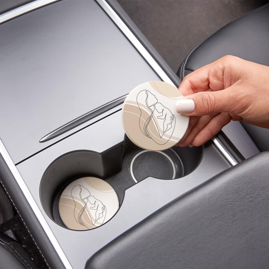 Modern Minimalist Mothers Day Mom Baby | Absorbent Car Coasters | Set of 2 | Min 4
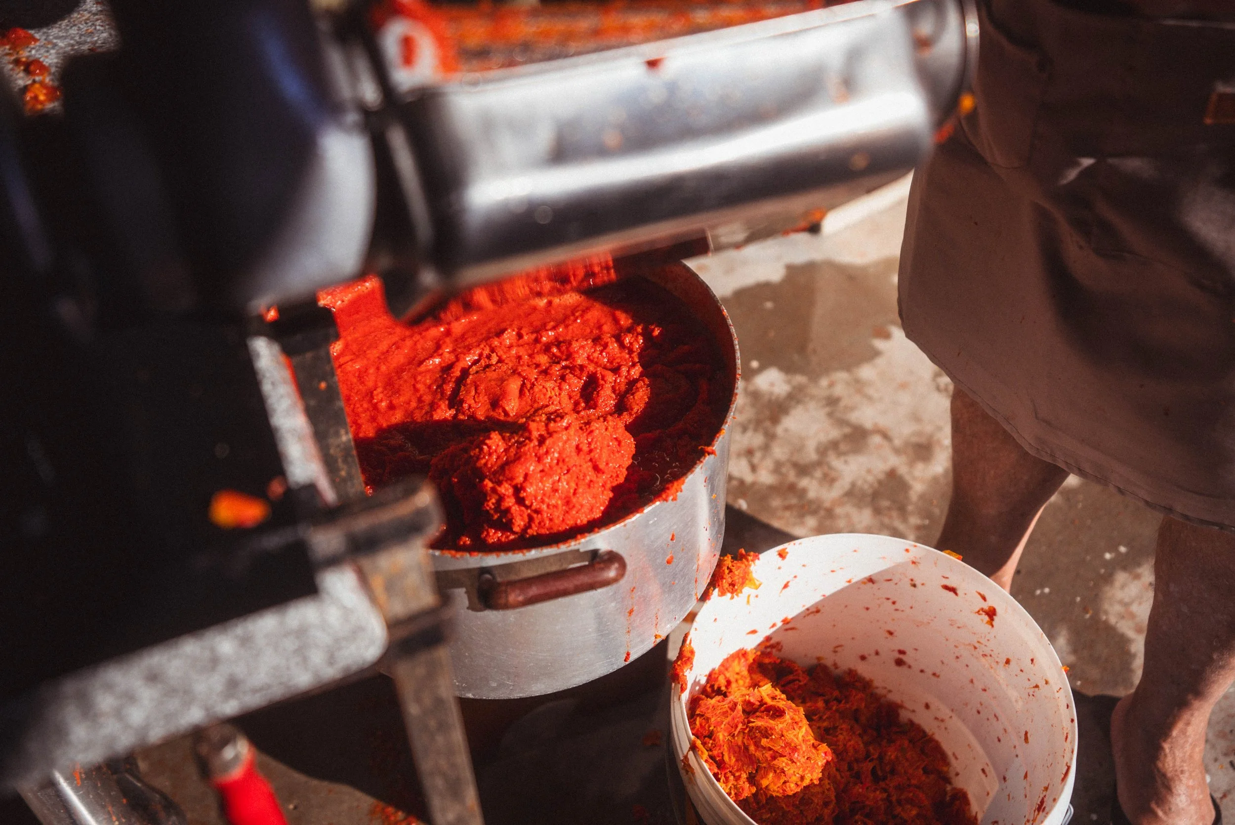 Tomatoes boiled, they are transferred over to the garage, where, alongside the 100l barrel of wine he’d made the day prior, we begin the task of churning them into a deliciously thick, rich tomato sauce.
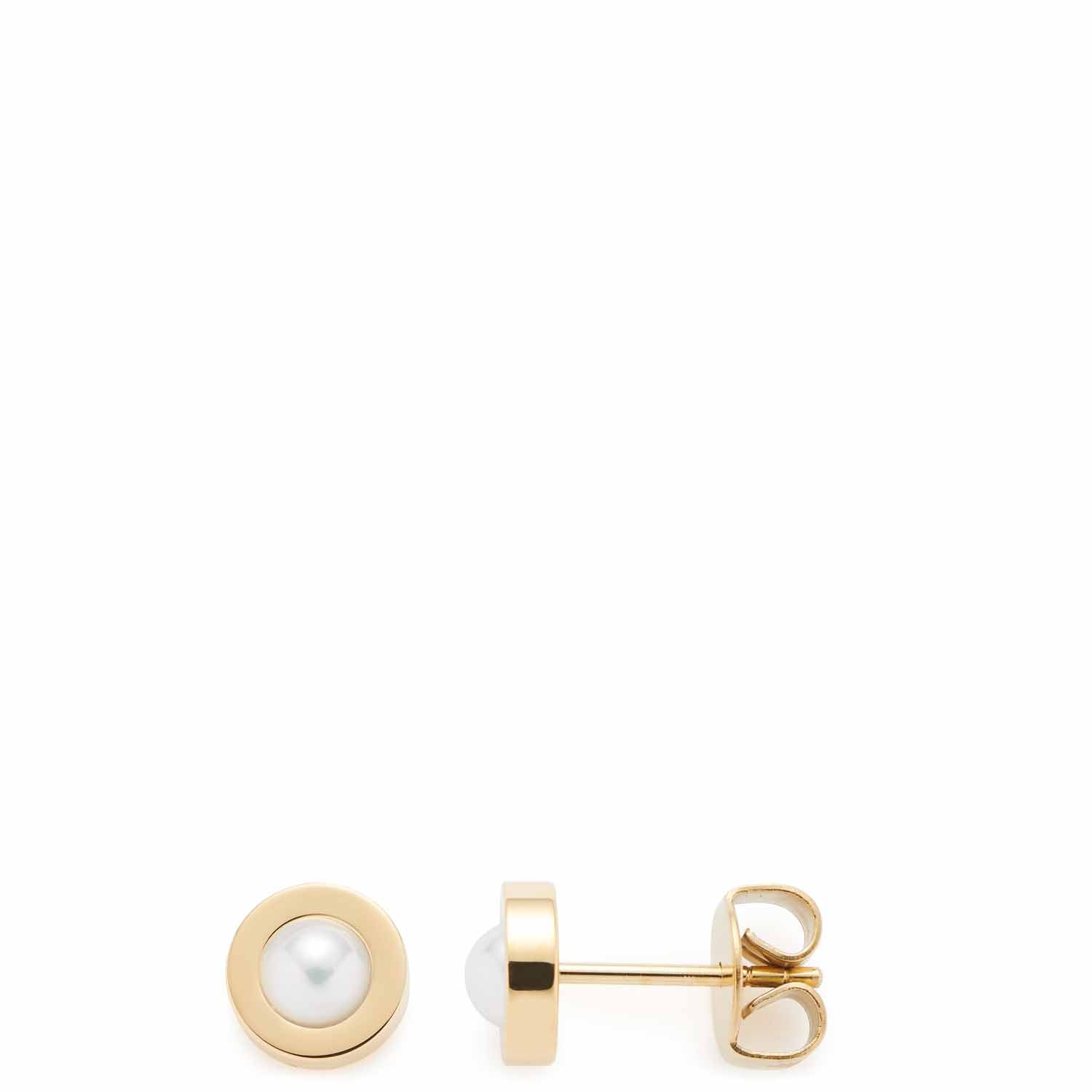 Ohrschmuck Isa als zeitlos schönes Sommer-Special überzeugt mit schlichter Präsenz. Die runden, flächigen Stecker tragen in ihrer Mitte eine Süßwasserzuchtperle.
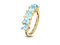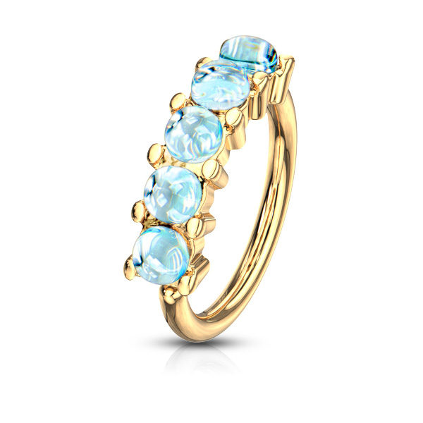 Раздвижное кольцо из хирургической стали 316L с золотым PVD покрытием, украшено голубыми эпоксидными кабошонами.
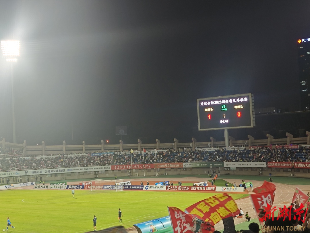 湖南日报·新湖南客户端10月17日讯(颜石敦 蒋睿 彭婷 胡孟婷 邓玉娇)10月17日晚,2025“湘超”联赛,湘潭队坐镇主场迎战株洲队。下半场比赛正在激烈进行中,第53分钟,湘潭队先下一城,比分来到 1:0。
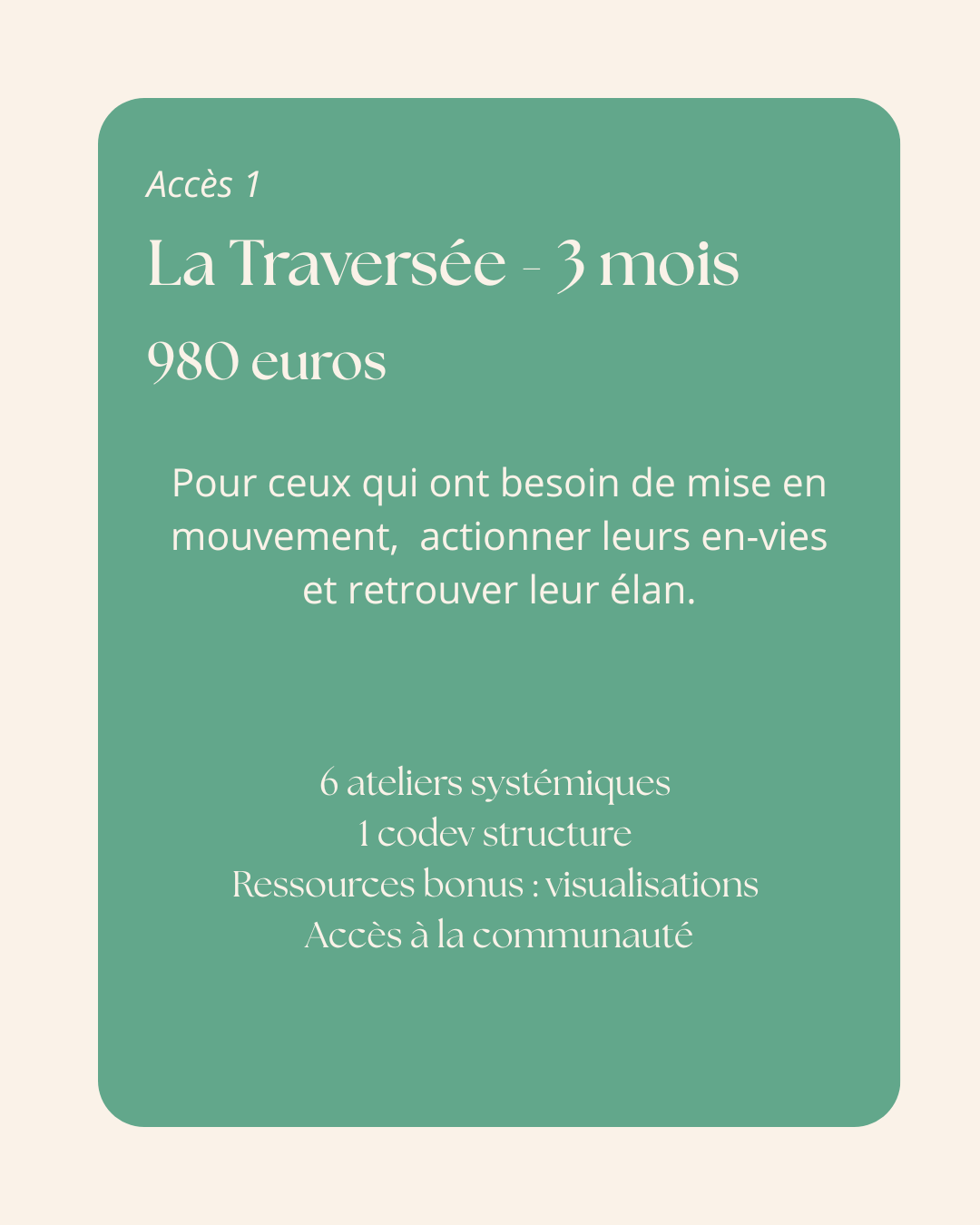 Assumez une ambition à la hauteur de ce que vous portez : ce que vous construisez dans le monde monte en impact. Pas parce que vous travaillez plus, parce que vous vous autorisez enfin à créer à votre vraie mesure. Assumez votre valeur, vos tarifs, votre façon d'être, votre vision et vos décisions. Sans vous justifier. Sans attendre la permission de quelqu'un d'autre.
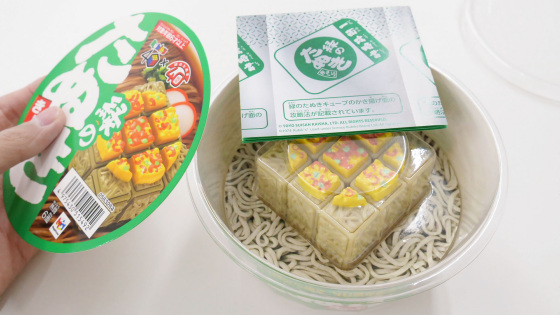2020年は「ルービックキューブ」の日本発売と、東洋水産の「緑のたぬき天そば」の発売がともに40周年という記念の年だということで、両者がコラボした「緑のたぬききゅーぶ」が2020年12月25日(金)に登場します。「緑のたぬき天そば」がどんなルービックキューブになったのか、実際に触ってみました。
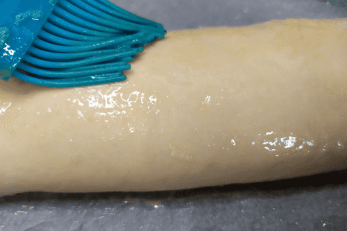 Roll the dough and brush with beaten egg.
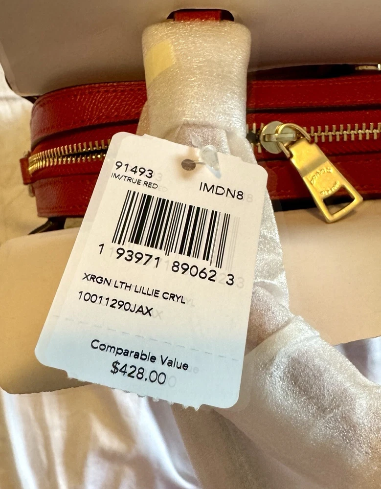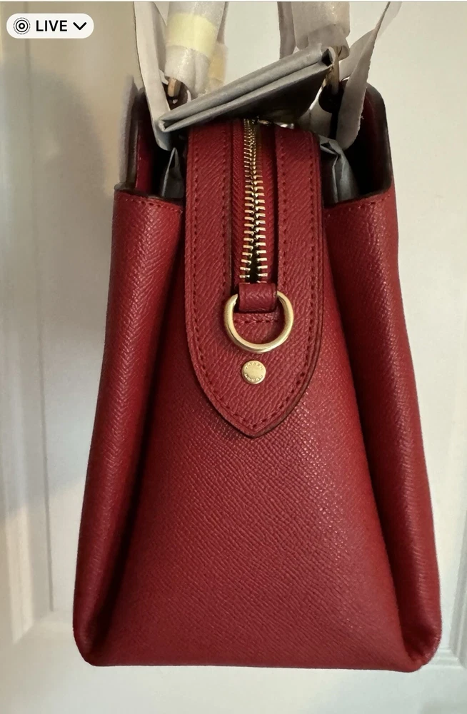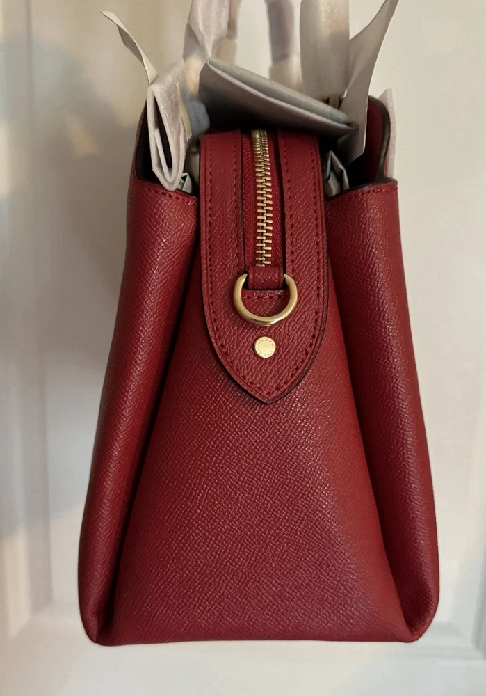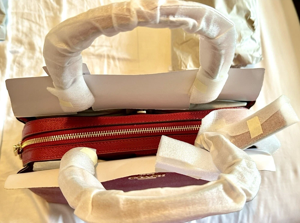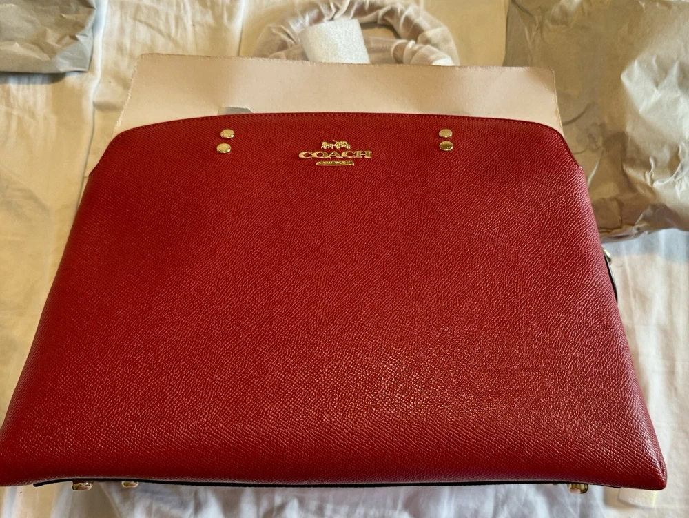 NWT COACH LILLIE CARRYALL LEATHER GOLD/CHERRY RED TOP HANDLE WITH SHOULDER STRAP. Condition is New with tags. Shipped with USPS Priority Mail.
★ ★ ★ ★
#### PROBLEM TO WORK ON:
Look above for the line with "Раздвижное кольцо из" and the line with "Roll the dough and brush with beaten egg.", then restate exactly those two lines and all lines between them, with no pictures.

#### ANSWER SPACE:
 Раздвижное кольцо из хирургической стали 316L с золотым PVD покрытием, украшено голубыми эпоксидными кабошонами.
 湖南日报·新湖南客户端10月17日讯(颜石敦 蒋睿 彭婷 胡孟婷 邓玉娇)10月17日晚,2025“湘超”联赛,湘潭队坐镇主场迎战株洲队。下半场比赛正在激烈进行中,第53分钟,湘潭队先下一城,比分来到 1:0。
 Assumez une ambition à la hauteur de ce que vous portez : ce que vous construisez dans le monde monte en impact. Pas parce que vous travaillez plus, parce que vous vous autorisez enfin à créer à votre vraie mesure. Assumez votre valeur, vos tarifs, votre façon d'être, votre vision et vos décisions. Sans vous justifier. Sans attendre la permission de quelqu'un d'autre.
2020年は「ルービックキューブ」の日本発売と、東洋水産の「緑のたぬき天そば」の発売がともに40周年という記念の年だということで、両者がコラボした「緑のたぬききゅーぶ」が2020年12月25日(金)に登場します。「緑のたぬき天そば」がどんなルービックキューブになったのか、実際に触ってみました。
 Roll the dough and brush with beaten egg.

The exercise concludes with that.